Впрочем, здесь нужен апарт, уточнение. Первые лучи славы пришли к нему за работы, сделанные вовне: за роль Алеши Карамазова в антрепризе («Братья Карамазовы. Завтра», в Театральной труппе Валерия Саркисова и его постановке); за моноспектакль «Руслан и Людмила», поставленный Вероникой Косенковой к Пушкинскому юбилею. Первый, ранний опыт дал как бы формулу дарования «тихого, мягкого, доверчивого актера» (критик возвел образ роли до образа актера). Второй лет через пять эту формулу дополнил, если не опроверг: на сцену ворвался, с темпераментом задиристого жеребенка смешной, порывистый парень и, представляя героев пушкинской поэмы, играя с ними (и в них) весело и влюбленно, заразил зал своей радостью; это была уже иная картина.
А далее его родному театру (и ему самому, и нам, зрителям-критикам) предстояло что-то выбрать из этого — или контрастно соединить. Выбрано было, как доминанта: юность; непосредственность, искренность; окрашенный лирикой юмор, — видимо, эти краски были важны его режиссеру. Судьба благоволила к Подгородинскому; он встретил своего режиссера, Сергея Женовача, с которым и сделал в Малом театре три крупные роли. Союз их начался с Чацкого в «Горе от ума», продолжился Платоном Зыбкиным («Правда хорошо, а счастье лучше» Островского) и завершился (на данный момент) Клеантом в «Мнимом больном» Мольера.


Чацкий был резко сдернут с котурнов, лишен резонерства, обличительного пафоса и всякого намека на романтизм. Пафос человечности (суть режиссуры Женовача) двигал ролью. Не-герой, не борец, он не обличал, не гневался, но терялся и страдал от того, что его окружало, не находил себе места. Наивный идеализм его рушился от ударов грубого мира, и болезненность этих ударов сообщалась залу. Бедолагу Чацкого полюбили, жалели, находили в нем сходство с Мышкиным, а в одной из рецензий было сказано словами известного романса: «Никогда еще Грибоедов не звучал так искренне, так нежно».

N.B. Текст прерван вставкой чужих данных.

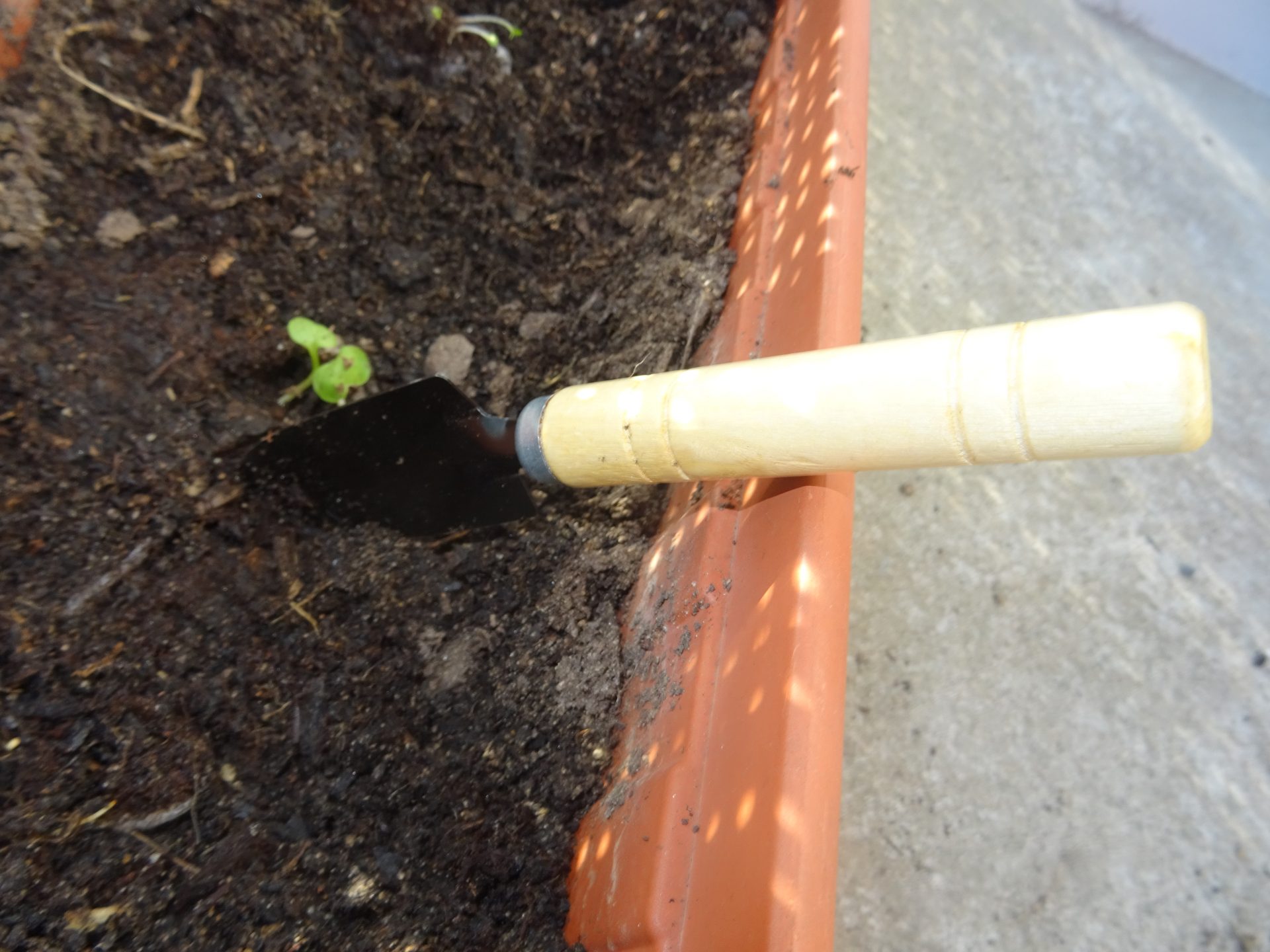 Et hop on plante les graines dedans , celles pour le radis rond blanc et celles pour le mesclun crétois.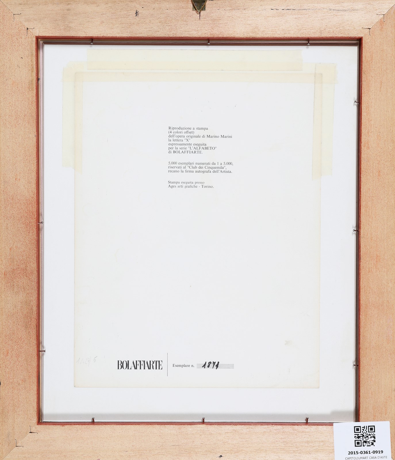 MARINI MARINO (1901 - 1980) La lettera X. offset a colori. Cm 23,00 x 30,00. 1871/5000. Firma monogrammata in basso a destra. Riproduzione a stampa dell'opera originale di Marino Marini la lettere X per la serie L'alfabeto di Bolaffiarte. 5000 esemplari numerati da 1 a 5000 recano la firma dell'artista. Stampa eseguita presso Ages Arti Grafiche, Torino. Al retro cartiglio descrittivo a cura di Bolaffiarte. Cornice presente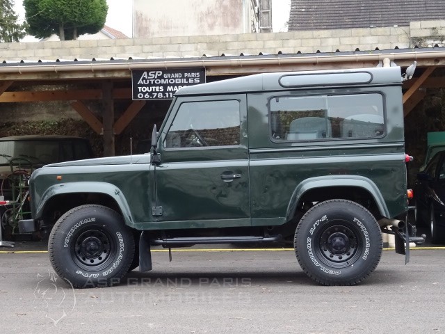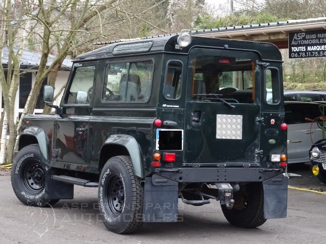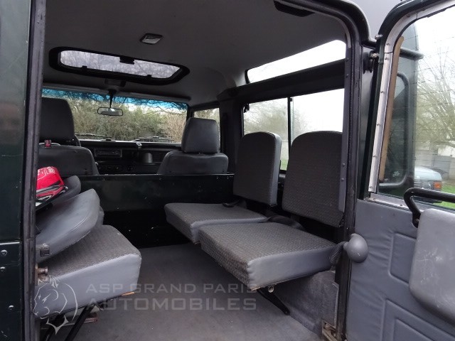 LAND ROVER DEFENDER 90 STATION WAGON 7 PLACES en parfait état d'origine avec seulement 108000km, vert métal sellerie tissus gris finition COUNTY HIGHLANDER avec hard top, toit ouvrant vitré d'origine, attelage, par brise rabattable, direction assisté, moquettes avant et arrière, fermeture centralisé, marches pieds, bavettes, radio lecteur de cd, phare arrière ce véhicule dispose de son carnet et double de clefs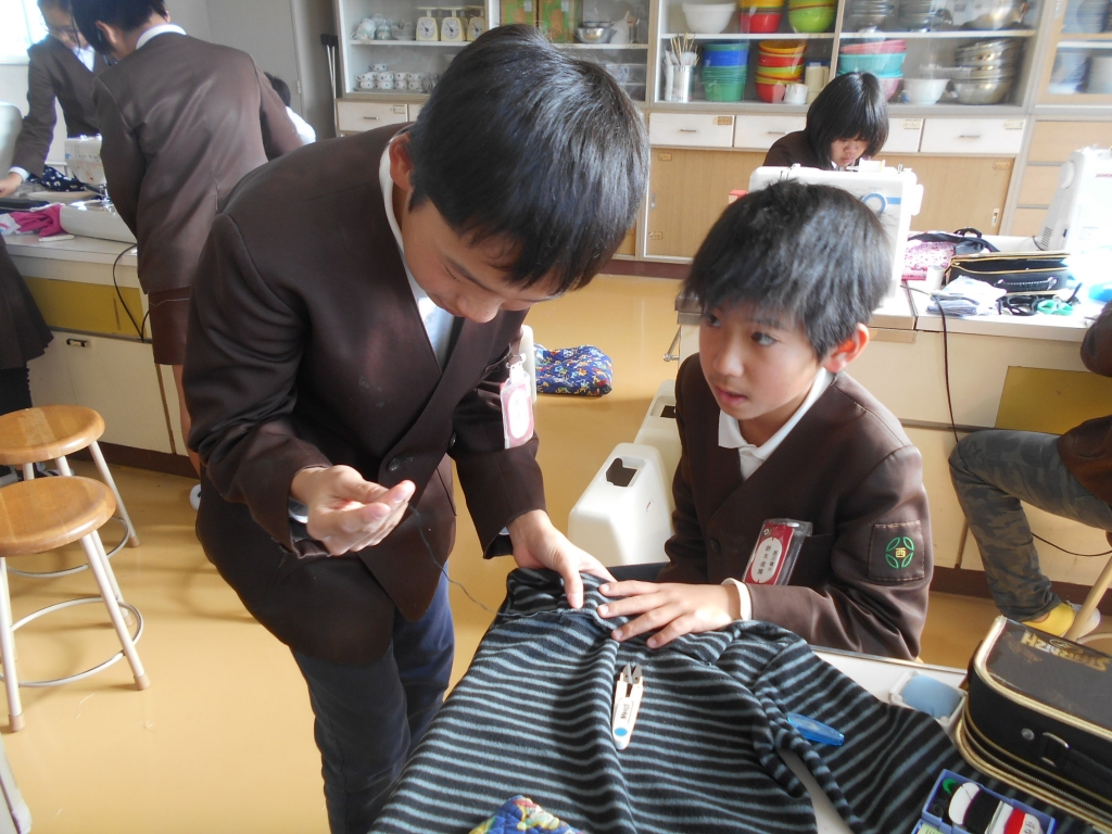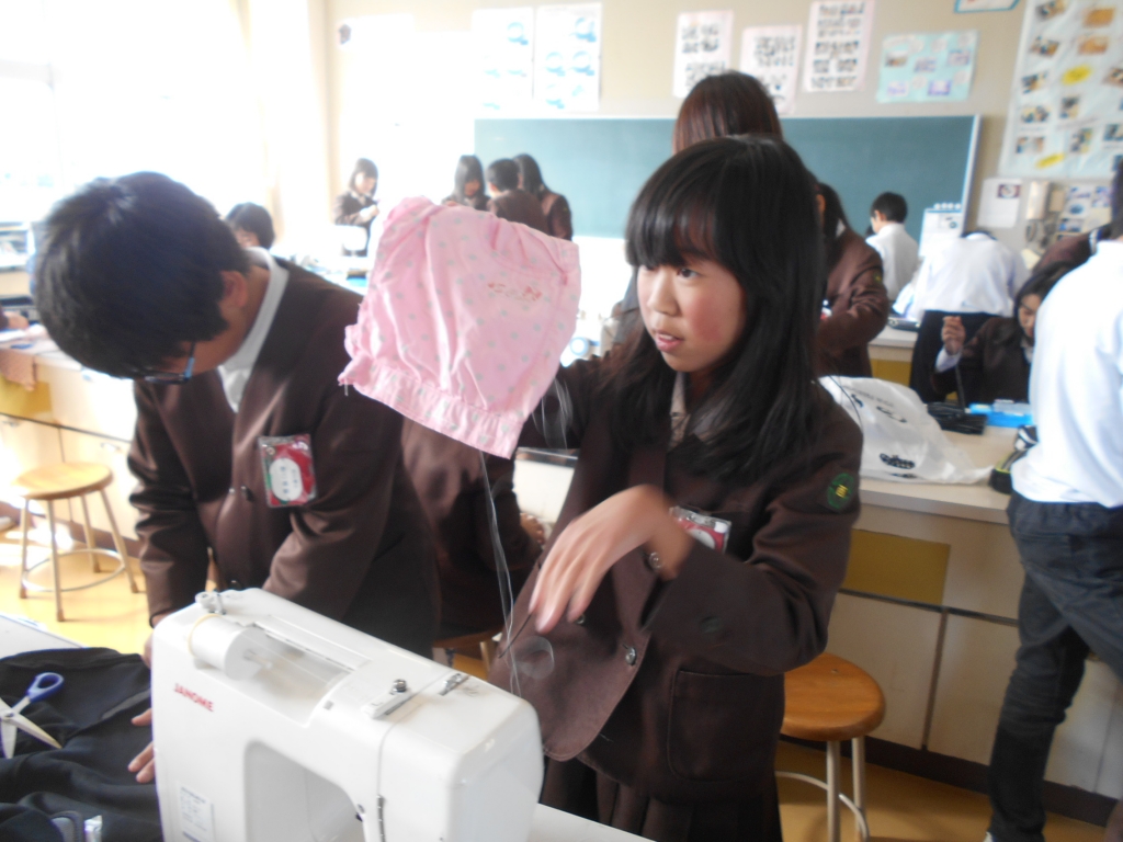 6年生は、リフォーム作品の製作中です。工夫された作品がいろいろできてきました。

Звучал, конечно. Мы быстро все забываем, даже то, что было на нашем театральном веку. «Смена жизненного типажа» (выражение Анатолия Эфроса) коснулась и наших Чацких, сквозь которых время смотрелось так же ясно и ярко, как и сквозь Гамлетов. В их ряду с начала 60-х (Сергей Юрский — Андрей Миронов — Виталий Соломин — Олег Меньшиков...) неуклонно действовало то, что прежде с укором называлось дегероизацией и деромантизацией, а было, по сути, очеловечиванием героя, приближением его к публике, к нам; возвращением ему права на нежность, на слабость. Просто у Глеба Погородинского «простое человеческое» стало главным, вышло вперед, оттеснив другое, — не без потерь.
Повторю: он был принят, присвоен, любим, но зоркие глаза отмечали, что он сильнее в тихих местах и в зонах молчания, а монологи ему не даются, не только из-за трудностей речи, но и от недостаточного внутреннего напора. Мелькнуло опасное и обидное мнение, что роль будто «подправлена Молчалиным», вложившим сюда свои «умеренность и аккуратность» (несправедливо, но и тревожно; осталось саднящей занозой).

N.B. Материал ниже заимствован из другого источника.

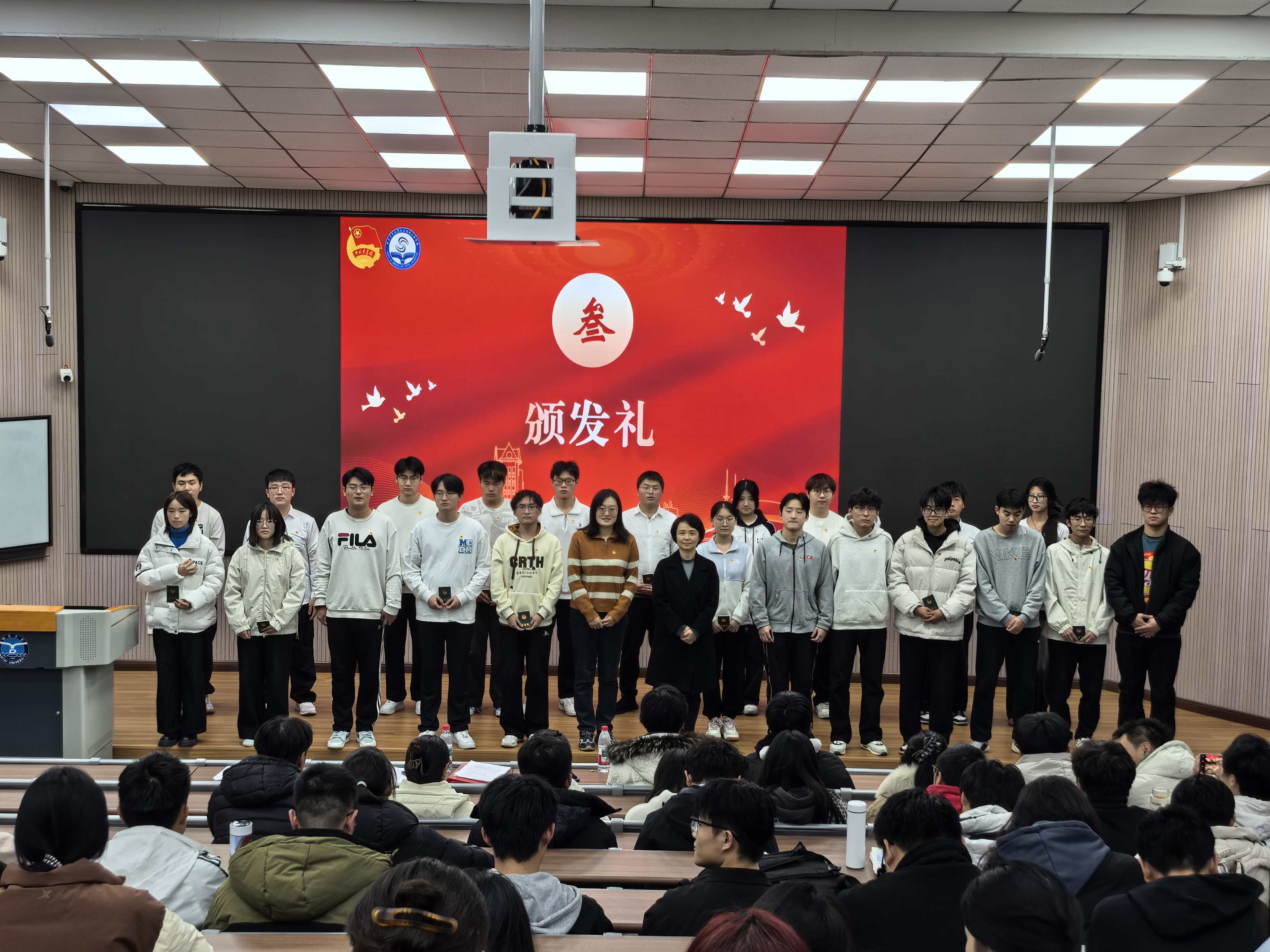 王颖、苏倩一同为新发展团员颁发团员证并佩戴团徽。新团员胸前的团徽在灯光下熠熠生辉,既象征着共青团的使命担当,也点亮了他们践行青春理想的信念之火。

Тем не менее, Чацкий стал визитной карточкой молодого актера, как «Горе от ума» — символом того союза Малого театра с Женовачем, что был так важно для обеих сторон. Следом за ним шел Платон Зыбкий, тоже идеалист, однако в комедии Островского (комедийность «Горя от ума» так же относительна и условна, как и чеховской «Чайки», и остается на совести автора). Лирико-комедийное начало, близкое и актеру, и режиссеру, тут получило свободу; юмор полной мерой вливался в спектакль, где ирония и лукавство не побеждали все же внутренней нежности. Когда Платон в запале правдолюбия вещал с садовой лавки, как с трибуны, — он был смешон и трогателен, и вряд ли прав злой критик, увидевший тут пародию на Чацкого. Точнее были проскользнувшие в печати «чеховские» сравнения. Кто-то нашел в Платоне-Подгородинском прообраз Пети Трофимова; кто-то назвал его недотепой.

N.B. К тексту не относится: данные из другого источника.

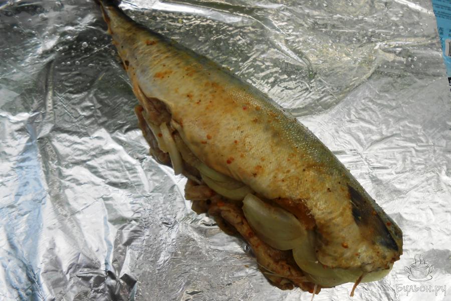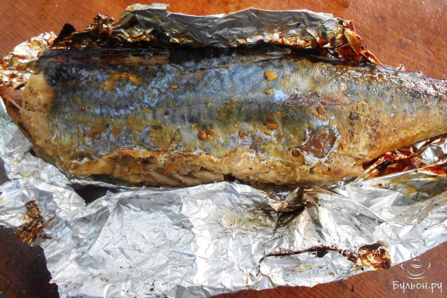 8. Скумбрия, запеченная в фольге на мангале готова. Разделите вдоль хребта на 2 порции. Подавайте к столу в горячем виде. Приятного аппетита.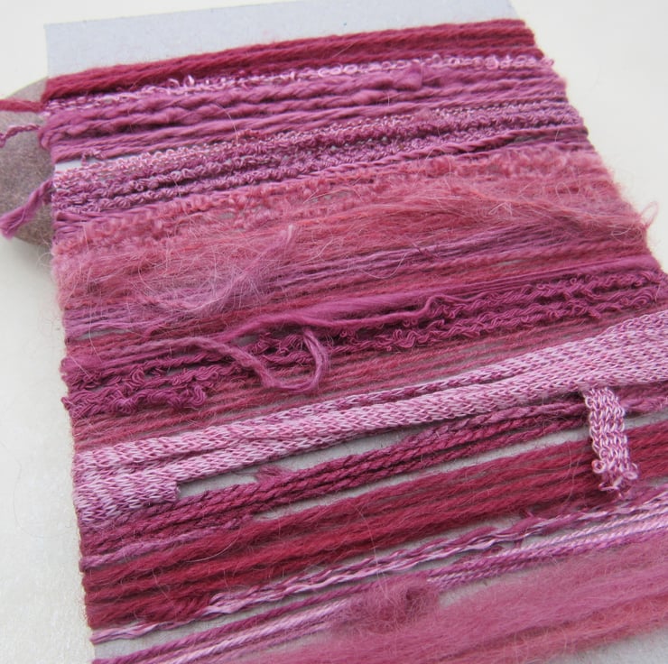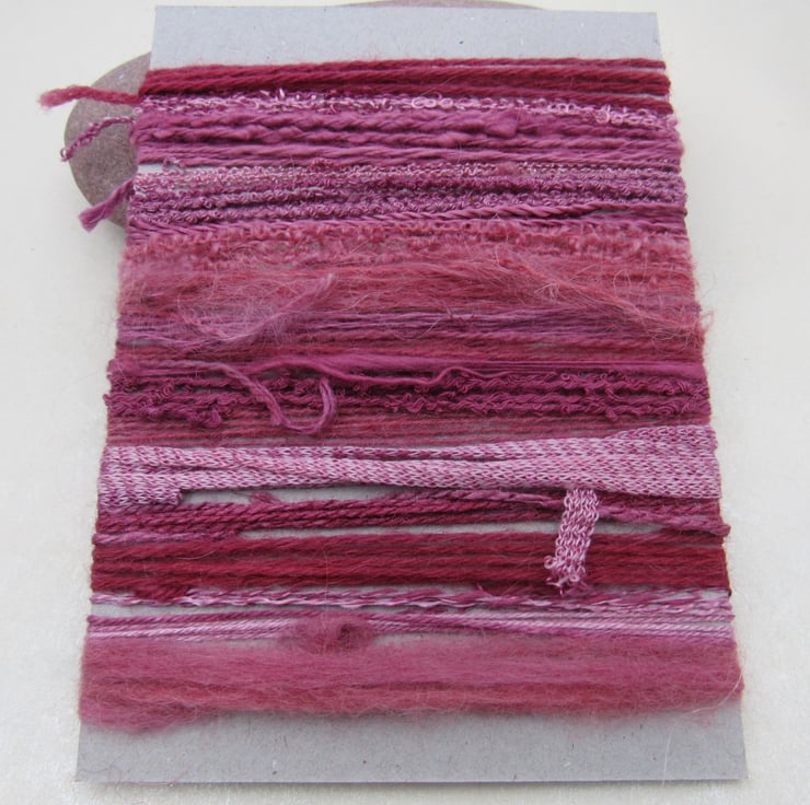 20 lengths of yarns, all approx 1m (40") long, hand dyed to crimson pinks with natural extracts of lac berries.

Слово было найдено — недотепа; непереводимый термин от Фирса, иронически-сочувственное определение нескладного человека. Таковых у Чехова много; его собственный иронический взгляд не щадил никого и никакими драмами не гасился.
Можно было ждать встречи Подгородинского с Чеховым, который теперь, в правление Юрия Соломина, стал здесь вторым «автором театра».

Встреча состоялась; путь в русской классике (от Грибоедова до Чехова), хоть и пунктиром, был пройден. Год памяти Чехова был отмечен в Малом театре двумя премьерами: «Три сестры» (в режиссуре Соломина) и «Свадьба, свадьба, свадьба!» (водевили, в постановке Виталия Иванова). В первом случае Подгородинскому досталась роль Тузенбаха; во втором (в «Предложении») — Ломова.

Тузенбах, неожиданно юный, был в соответствии с автором невезучим, был недотепой, но не смешным, а печальным, лишь слегка тронутым иронией (как тронут грустной иронией привычный облик Пьеро). Игралась любовь, обреченная на безответность; игралось предчувствие финала, в котором, однако, не хватало остроты драматизма, как до того — остроты жизнелюбия; для резкости контраста словно недоставало энергии.

В общем-то в наши дни нет недостатка в энергии, подчас неконтролируемой или культивируемой, ибо насаждается культ силы, в моде у нас «крутизна», и Арлекины теперь правят бал. Но с дефицитом энергии может столкнуться каждый актер, и у каждого — свой выход из положения. Современная театральная ситуация, как самый действенный, диктует такой: перемены. Смена жанра и амплуа, регистров и стилей, авторов, театров, искусств... Подпитка происходит на стороне, в уходе от себя привычного; самоповторы опасны. Поэтому так мечется в поисках новизны, в диапазоне от Мышкина до Иудушки, Евгений Миронов. Так не хватает разнообразия глубокому дарованию Игоря Гордина и так внезапен у него одиночный всплеск энергии в роли Пети Трофимова, в спектакле Някрошюса «Вишневый сад», отнюдь не «облезлого барина», но резкого, опасного, крутого. И таким усталым, увядшим выглядит Олег Меньшиков в последних своих работах на телевидении, — ему бы в театр, да разных ролей, да режиссера-тирана...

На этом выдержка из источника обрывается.